Элизабет лежала в заваленной тканью кровати с белым балдахином, выступающий живот был едва различим под слоем одеял. Голова больной утопала в подушках, а пепельные волосы разметались вокруг. Она дышала немного шумно для той Элизабет, которую Диана считала соблюдающей правила хорошего тона даже во сне. В воздухе пахло чем-то противным, приторно-сладким, и Диана никак не могла понять, чем, пока не вспомнила, что здесь был врач.
Да, это именно тот самый запах: как будто здесь побывал врач.
Подойдя ближе и присев на краешек кровати, Диана заметила, что обои гранатового цвета немного подсвечивают милое лицо спящей Элизабет и придают её бледным щекам легкий румянец.
— О, Лиз, — сказала Диана и взяла руку сестры. Та казалась безжизненной, но Элизабет и так никогда не отличалась крепкой хваткой. Больная приоткрыла рот и закрыла его на выдохе, и Диана восприняла это как знак продолжать. — Я следую твоему совету и уезжаю — мы уезжаем. — Она хотела произнести это громче, но ей удалось лишь прошептать. Это намерение было настолько невероятным, что даже со своим богатым воображением Диана не могла себе представить, какой будет её жизнь всего лишь через месяц. — Мне так жаль, что я не смогу порадоваться рождению твоего малыша. Но мы будем часто писать… Как ты сказала, для нас с Генри это единственная возможность быть вместе.
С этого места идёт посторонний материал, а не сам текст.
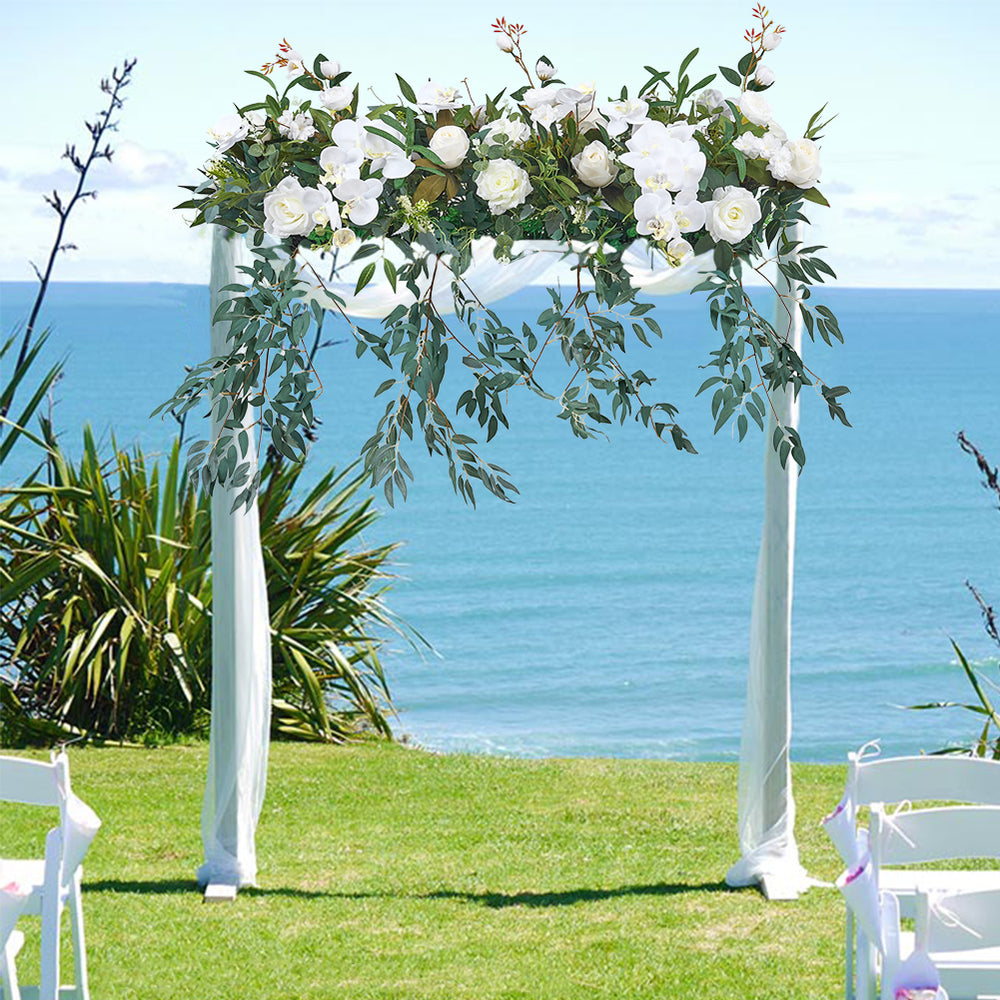 Artificial Decorative Border - White Flowers with Green Leaves Ideal for Wedding Mantelpiece and Interior Decor

Какое-то время она продолжала монолог — тихим голосом, поскольку предполагала, что не стоит будить Элизабет, если той и вправду нехорошо. Слова сливались в бессвязный поток неистового смешения чувств: предвкушения, волнения и присоединившегося к ним чувства вины за то, что она оставляет беременную сестру. Диана могла бы продолжать ещё долго, пусть время и шло, и ей предстояла встреча, на которую нельзя опоздать, но тут пальцы сестры крепче сжали её руку.
— Лиз? — прошептала она.
— Мне нехорошо, — полусонно сказала Элизабет, не открывая глаз.
— Знаю, — сочувственно отозвалась Диана. — Но скоро тебе станет легче. Могу я что-то тебе принести?
— Тедди.
— Что?
Тем же сонным голосом Элизабет пояснила:
— Пожалуйста, приведи ко мне Тедди Каттинга.
Диана изумленно приоткрыла рот. Странно. Она еще немного поразмышляла бы об этом или погрузилась бы в воспоминания о сестре, идущей под руку с Тедди во Флориде, но тут открылась дверь. Диана оглянулась и увидела плотную фигуру домоправительницы.
— Здравствуйте, миссис Шмидт, — сказала Диана. — Лиз и впрямь нехорошо. Она говорит какую-то чепуху.
— Да. — Женщина вошла в комнату. — Думаю, вам стоит позволить ей отдохнуть, мисс.
Диана вздохнула и в последний раз посмотрела на сестру, заворочавшуюся на подушках.
— Не забудь, Ди, — прошептала Элизабет, проваливаясь в забытье.
— Пока, Лиз. — Диана наклонилась и поцеловала сестру в лоб, словно внезапно стала старшей дочерью в семье.
— Пора в путь, — намекнула возвышающаяся над девушками домоправительница, и Диана знала, что женщина права. Пора оставить прежнюю жизнь. Диана положила ладони на колени, будто собираясь с силами, и позволила вывести себя из комнаты на первый этаж.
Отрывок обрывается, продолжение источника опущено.